Between April 1 and June 9, 2022, 1631 participants were randomly allocated in part A and 1623 received vaccinations on day 1 (685 [42%] received mRNA-1345 plus SIIV4, 249 [15%] mRNA-1345 plus placebo, and 689 [42%] SIIV4 plus placebo). Due to an interactive response technology error, the mRNA-1345 plus placebo group was smaller than planned (249 vs 420 participants).

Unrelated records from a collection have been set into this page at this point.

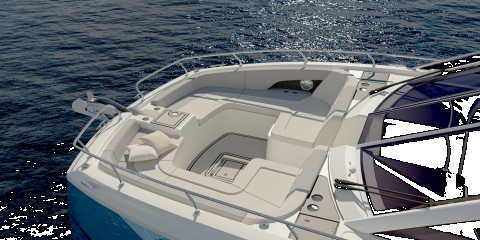 Ohjaamon takana on molemmille laidoille levittyvä ulkopentteri ja perässä yhteen tai erilleen liu’utettavat U-sohvan puolikkaat. Uimatasoja on kolme, joista suurin on keskimmäinen. Avattavaa laitaterassia ei ole, mutta kulkua helpottava laitaportti löytyy.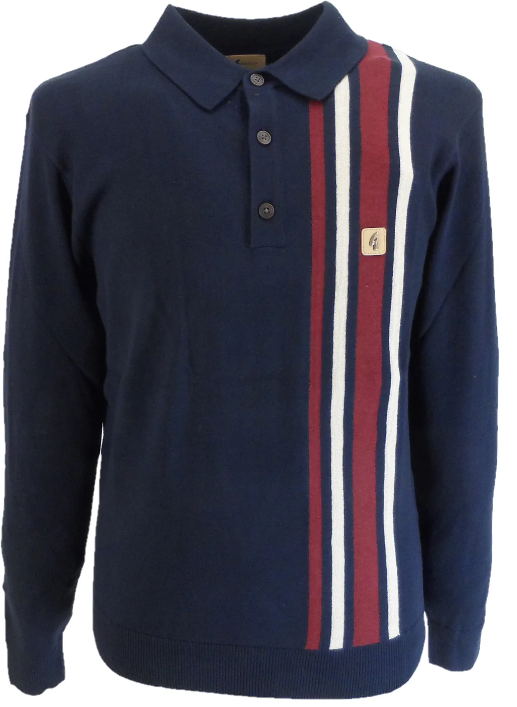 Gabicci Vintage ‘Soda’ Racing Stripe Mod polo. An authentic Mod design this polo takes inspiration from the classic 60s polo cardigan, typically seen with vertical stripes down the front. Contrasted adorn the front of this long sleeve polo. Ribbed fold-down collar adds the overall Mod feel. Ribbing to cuffs and hem make this perfect for any occasion through the colder months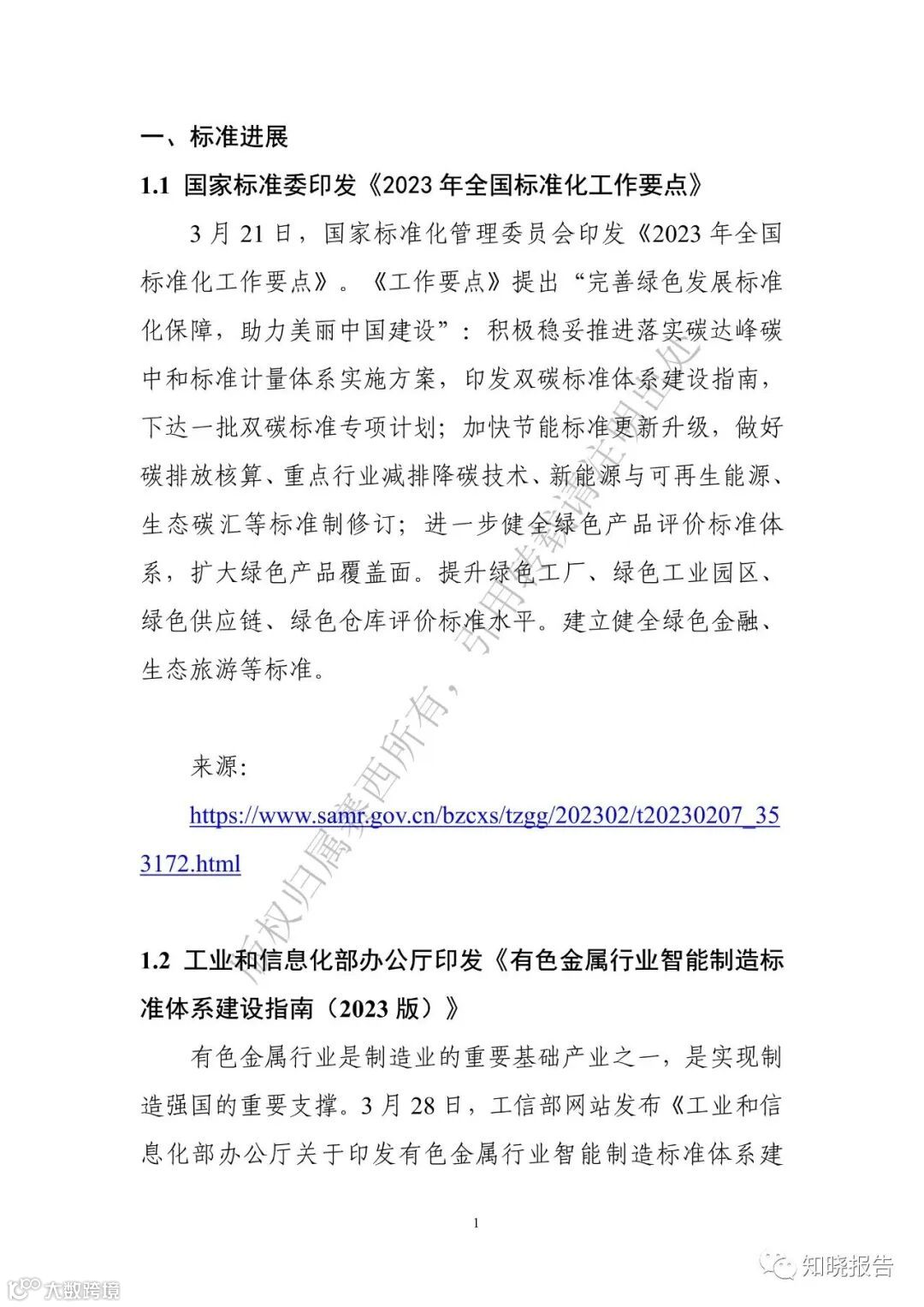 3 月 21 日,国家标准化管理委员会印发《2023 年全国标准化工作要点》。《工作要点》提出“完善绿色发展标准化保障,助力美丽中国建设”:积极稳妥推进落实碳达峰碳中和标准计量体系实施方案,印发双碳标准体系建设指南,下达一批双碳标准专项计划

Of the 1623 participants in the safety set, 877 (54%) were female and 746 (46%) were male. Between July 27 and Sept 28, 2022, 1691 participants were randomly allocated in part B and 1681 received vaccinations on day 1 (564 [34%] received mRNA-1345 plus mRNA-1273.214, 558 [33%] mRNA-1345 plus placebo, and 559 [33%] mRNA-1273.214 plus placebo). Among the 1681 participants in the safety set, 924 (55%) were female and 757 (45%) were male. The reactogenicity profiles of the coadministered regimens were generally similar to the profiles when the vaccines were administered alone. As of the 6-month and 7-month follow-up times for parts A and B, respectively, no serious adverse events, adverse events of special interest, discontinuations due to adverse events, or fatal events considered related to study vaccination were reported. In part A, the GMR of nAbs against RSV-A in the mRNA-1345 plus SIIV4 group versus the mRNA-1345 alone group was 0·81 (95% CI 0·67 to 0·97), and the seroresponse rate difference in nAbs against RSV-A between the groups was −11·2% (95% CI −17·9 to −4·1). GMRs of anti-HAI titres in the mRNA-1345 plus SIIV4 versus SIIV4 alone groups were 0·89 (0·77 to 1·03) for A/H1N1, 0·97 (0·86 to 1·09) for A/H3N2, 0·93 (0·82 to 1·05) for B/Victoria, and 0·91 (0·81 to 1·02) for B/Yamagata. In part B, the GMR of nAbs against RSV-A in the mRNA-1345 plus mRNA-1273.214 versus the mRNA-1345 alone groups was 0·80 (95% CI 0·70 to 0·90), and the seroresponse rate difference was –4·4% (95% CI –9·9 to 1·0). Comparing the mRNA-1345 plus mRNA-1273.214 group with the mRNA-1273.214 alone group, the GMR of nAbs was 0·96 (0·87 to 1·06) for the ancestral (D614G) virus and 1·00 (0·89 to 1·14) for omicron BA.1; seroresponse rate differences were 0·2% (95% CI –6·0 to 6·3) for SARS-CoV-2 ancestral and –0·9% (–6·6 to 4·7) for omicron BA.1.

Interpretation

Coadministered mRNA-1345 plus SIIV4 or mRNA-1273.214 vaccines had acceptable safety profiles and elicited mostly non-inferior immune responses compared to individual vaccines in adults aged 50 years or older; only the seroresponse rate difference in nAbs against RSV-A in part A did not meet the non-inferiority criterion. Overall, these data support coadministration of mRNA-1345 with these vaccines in this population; longer-term evaluation continues in this study.